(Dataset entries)
══════════

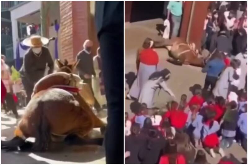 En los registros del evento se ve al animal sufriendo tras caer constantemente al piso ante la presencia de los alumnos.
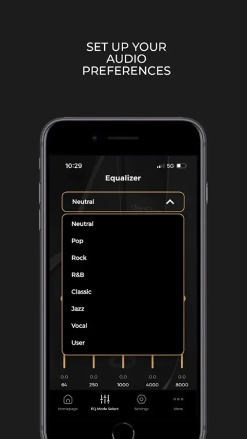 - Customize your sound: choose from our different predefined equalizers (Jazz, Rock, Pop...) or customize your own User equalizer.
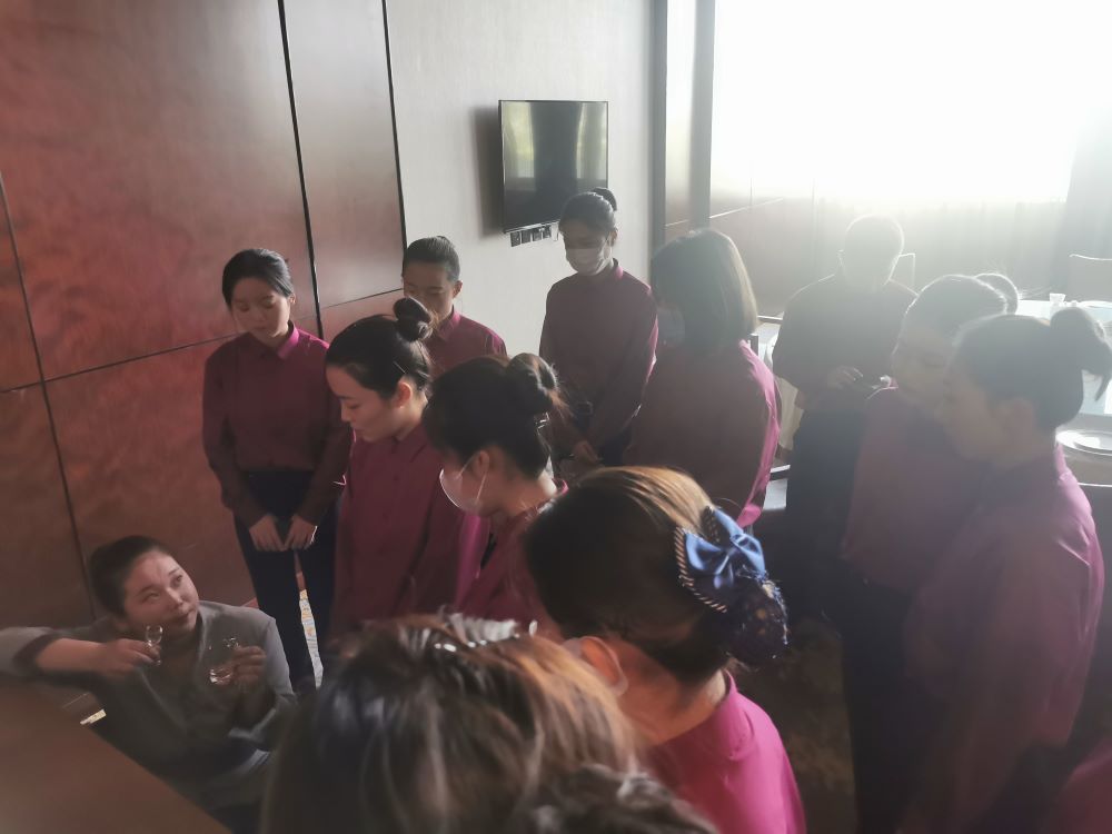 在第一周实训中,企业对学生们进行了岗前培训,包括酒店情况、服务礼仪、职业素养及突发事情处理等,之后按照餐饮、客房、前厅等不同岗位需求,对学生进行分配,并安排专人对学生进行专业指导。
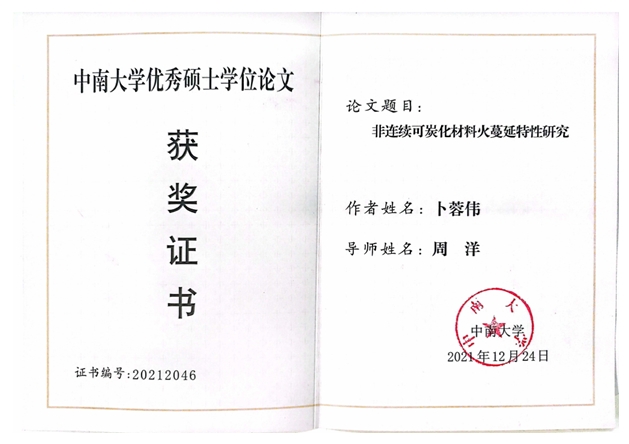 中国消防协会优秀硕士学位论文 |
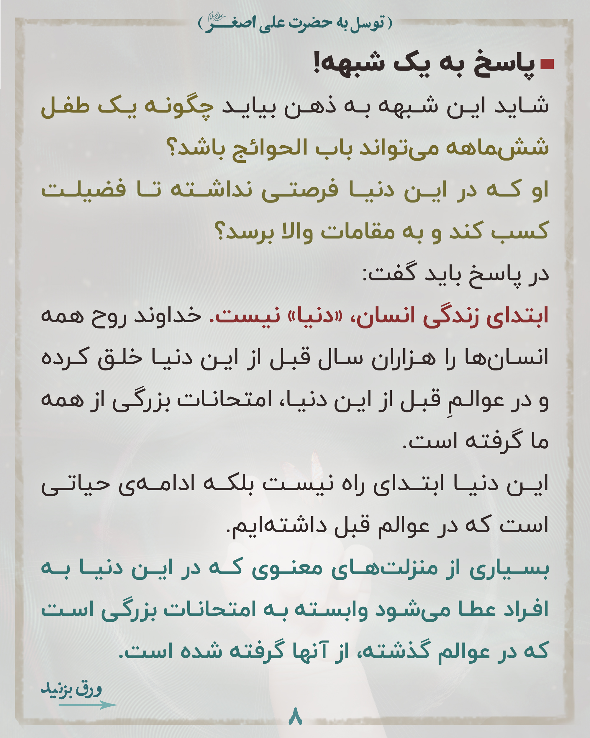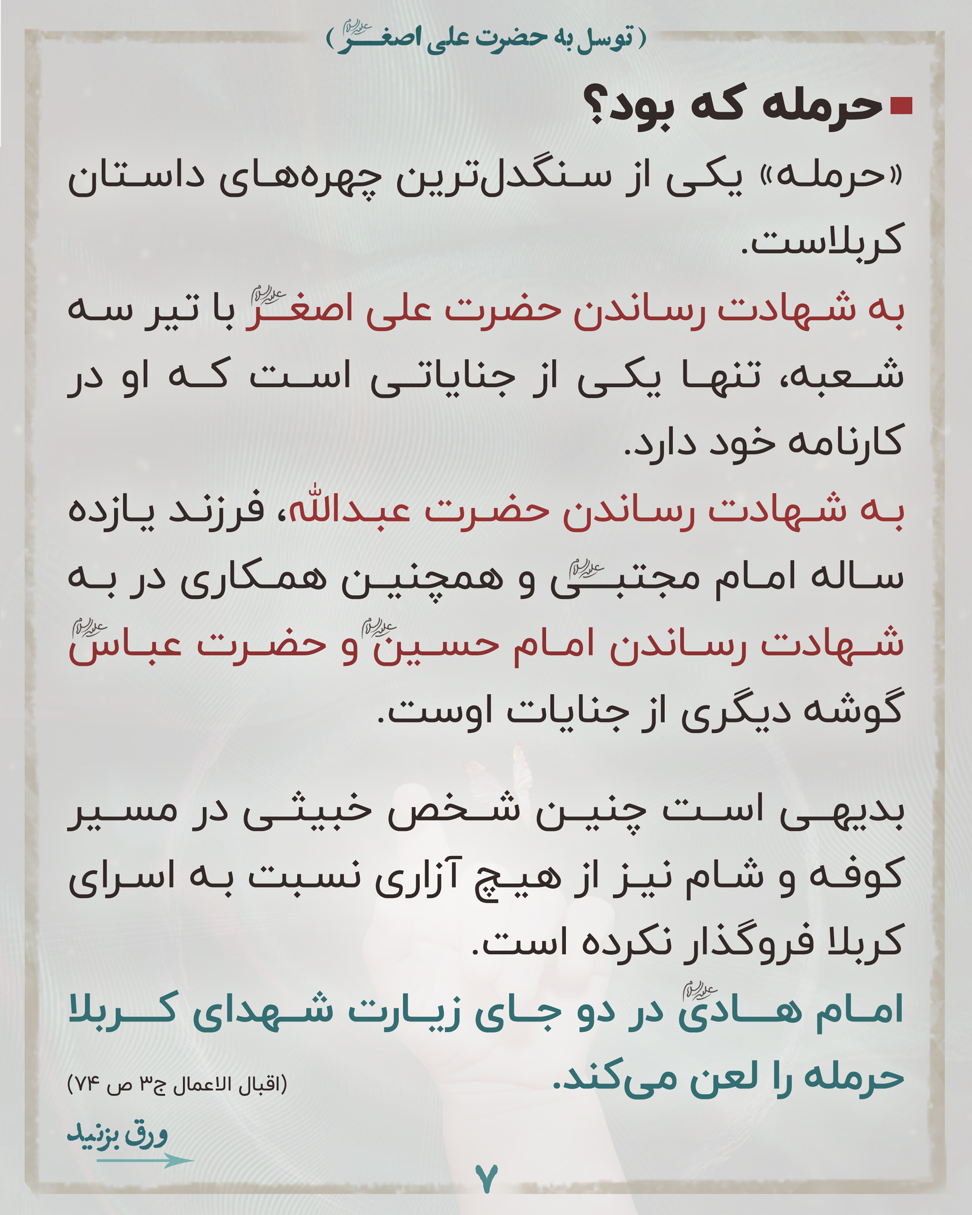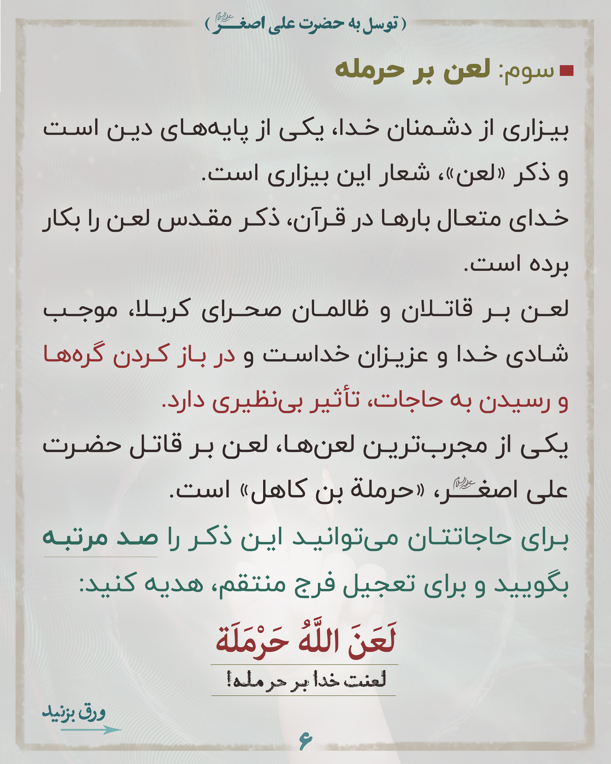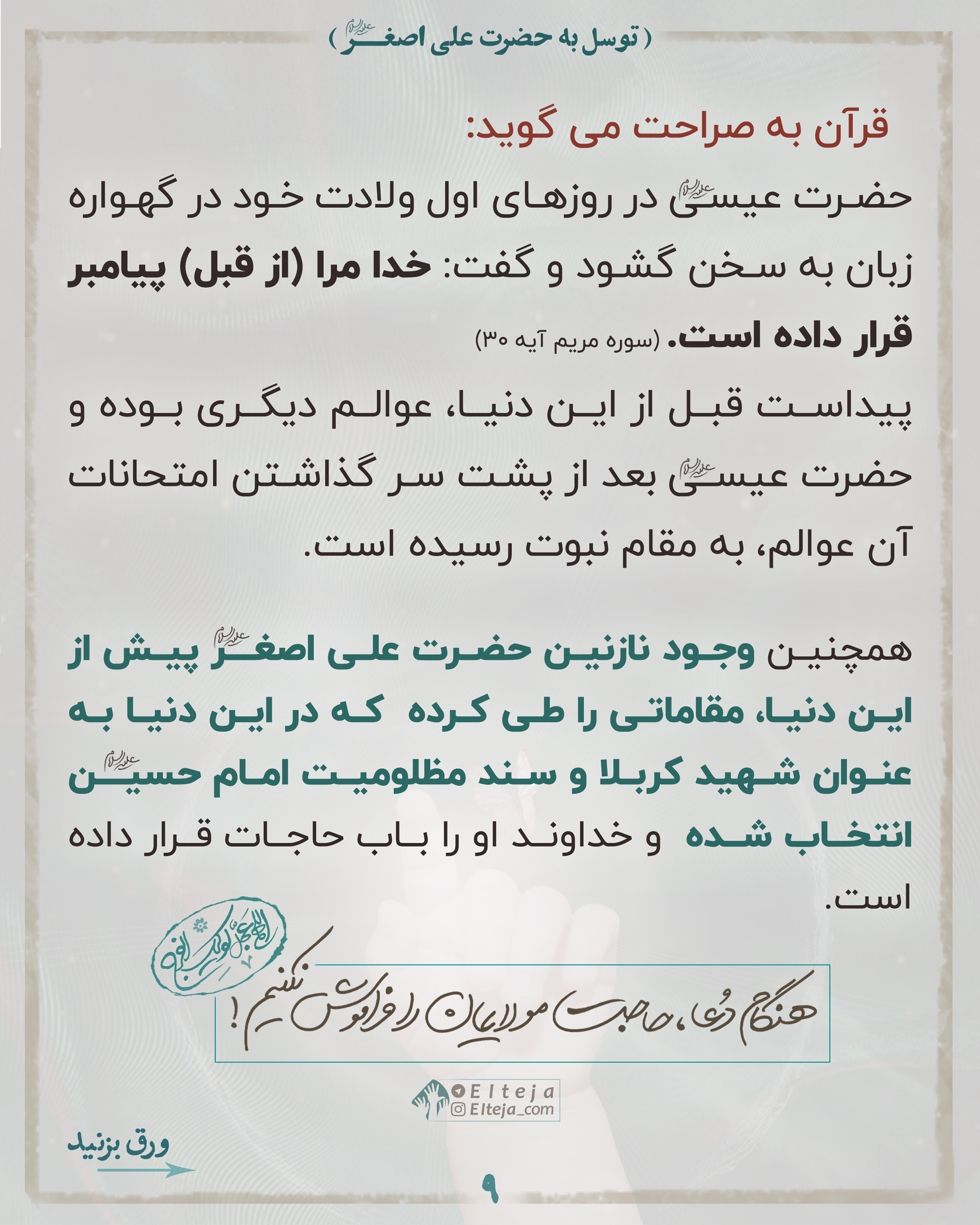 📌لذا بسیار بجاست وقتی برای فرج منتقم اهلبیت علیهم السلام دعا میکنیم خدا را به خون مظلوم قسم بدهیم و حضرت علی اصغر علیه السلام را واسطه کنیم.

══════════

## INSTRUCTIONS TO FOLLOW:
Leaving out the pictures, please transcribe exactly the lines from the one that holds "中国消防协会优秀硕士学位论文 |" through the last line of the entries above, both included.

## RESULT OF THIS EXERCISE:
 中国消防协会优秀硕士学位论文 |
 📌لذا بسیار بجاست وقتی برای فرج منتقم اهلبیت علیهم السلام دعا میکنیم خدا را به خون مظلوم قسم بدهیم و حضرت علی اصغر علیه السلام را واسطه کنیم.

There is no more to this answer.